Furthermore it is very doubtful whether Aguirre was in fact a public official as the administrator of the San Lazaro estate. This
question, however, was not raised in the court below, no evidence bearing on the subject having been introduced. We have merely
assumed that he was such for the sake of argument.
It is further contended by the defendant that the complaint does not state a cause of action. This is not true. A mere perusal of the
complaint will show the contrary. We hold that the facts therein set forth constitute a sufficient cause of action.
It is also contended that there is no allegation with respect to the interest of the plaintiff in this action. Without passing upon the
correctness of this allegation which refers to the legal capacity of the plaintiff, it may be said that as no question was raised as to this
point in the court below it can not be urged on appeal.

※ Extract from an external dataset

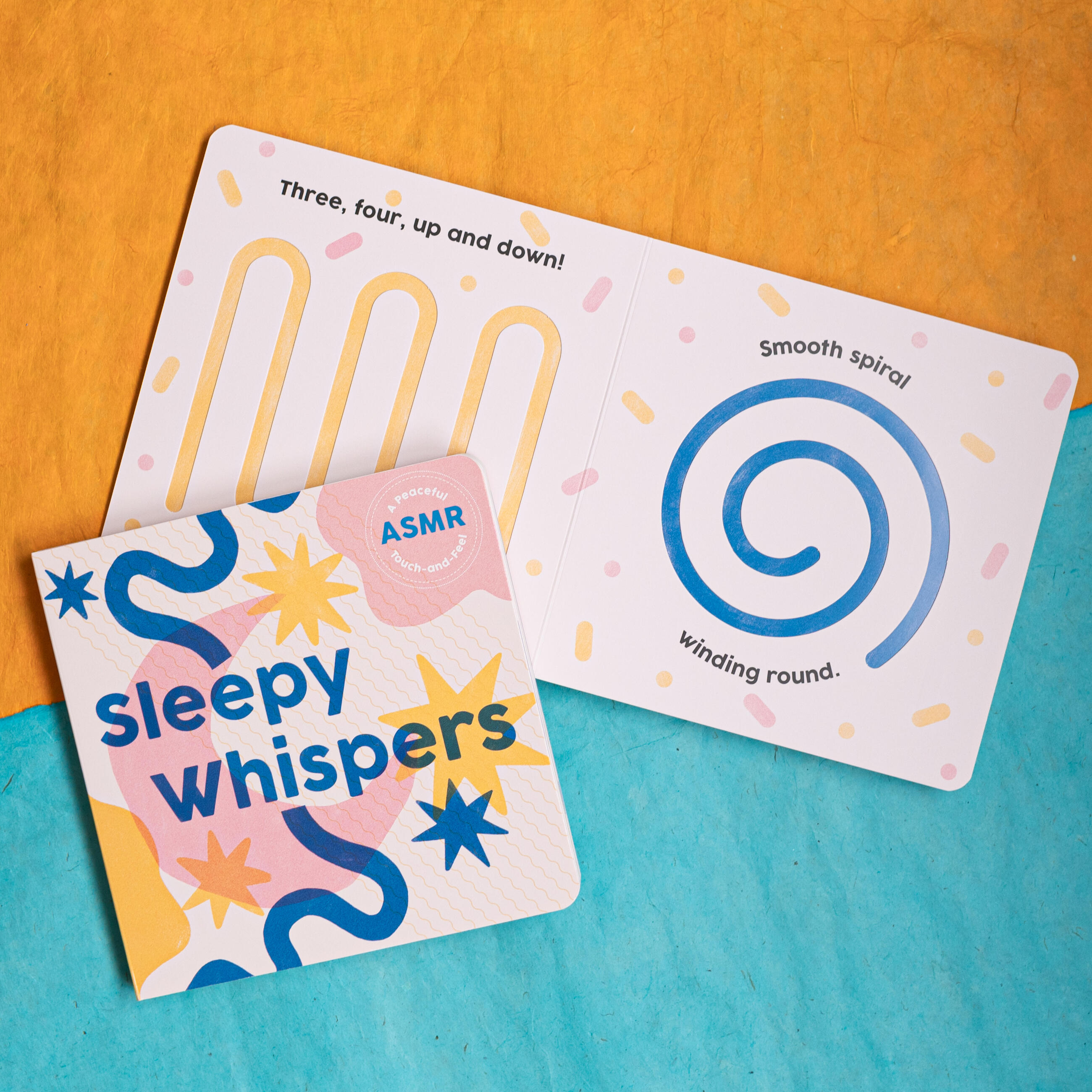 Sleepy Whispers is a tactile, soothing book designed to calm and relax. Every spread features high-quality textures that work with the text and illustrations to trigger an Autonomous Sensory Meridian Response. ASMR is a physical sensation of calm or euphoria, sometimes described as a gentle tingle, that promotes restful sleep, reduces anxiety, and also aids neurodiverse children in self-regulation. Featuring a calming text to whisper-aloud, a repetitive counting element, and an interactive design that encourages bonding between adult and child, this gentle book is the perfect addition to any peaceful bedtime routine.

The court below expressly found that the Government had collected rent for four years and held that it had thereby ratified the

contract. This question was not discussed in the court below and, legally speaking, the court should not and could not have made any
such finding. We hold that this was error on the part of the trial court.

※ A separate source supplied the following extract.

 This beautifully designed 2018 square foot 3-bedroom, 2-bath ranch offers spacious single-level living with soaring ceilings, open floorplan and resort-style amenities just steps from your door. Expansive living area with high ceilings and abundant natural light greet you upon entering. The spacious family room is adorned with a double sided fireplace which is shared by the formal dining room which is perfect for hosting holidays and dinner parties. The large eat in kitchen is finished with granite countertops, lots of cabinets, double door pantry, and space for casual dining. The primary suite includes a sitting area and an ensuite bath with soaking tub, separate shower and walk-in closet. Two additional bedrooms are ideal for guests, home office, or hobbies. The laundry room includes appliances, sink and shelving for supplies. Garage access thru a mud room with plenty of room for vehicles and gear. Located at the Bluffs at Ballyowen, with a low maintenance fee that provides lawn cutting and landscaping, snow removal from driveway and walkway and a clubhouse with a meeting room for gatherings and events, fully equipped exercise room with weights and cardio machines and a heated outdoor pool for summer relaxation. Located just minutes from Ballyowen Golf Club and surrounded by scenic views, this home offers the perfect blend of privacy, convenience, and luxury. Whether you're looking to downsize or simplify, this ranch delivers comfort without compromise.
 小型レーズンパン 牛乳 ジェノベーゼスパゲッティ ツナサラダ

The judgment of the court below is hereby modified so as to declare that the lease in question was valid only for six years from the 1st
day of January, 1899, to the 31st of December, 1904, and void as to the last four years of the contract term that is to say, the effects
of its nullity should date from the 1st day of January, 1905. The defendant shall return the land in the form and manner provided for in
the lease together with the proceeds derived from its possession since the last-mentioned date. The plaintiff will return to the defendant
the rent received during the same period, provided the rent has in fact been paid to him, with legal interest thereon at the rate of 6 per
cent per annum. No costs will be allowed to either party in either instance. After the expiration of twenty days let judgment be entered
in accordance herewith and let the case be remanded to the court below for action in conformity herewith. So ordered.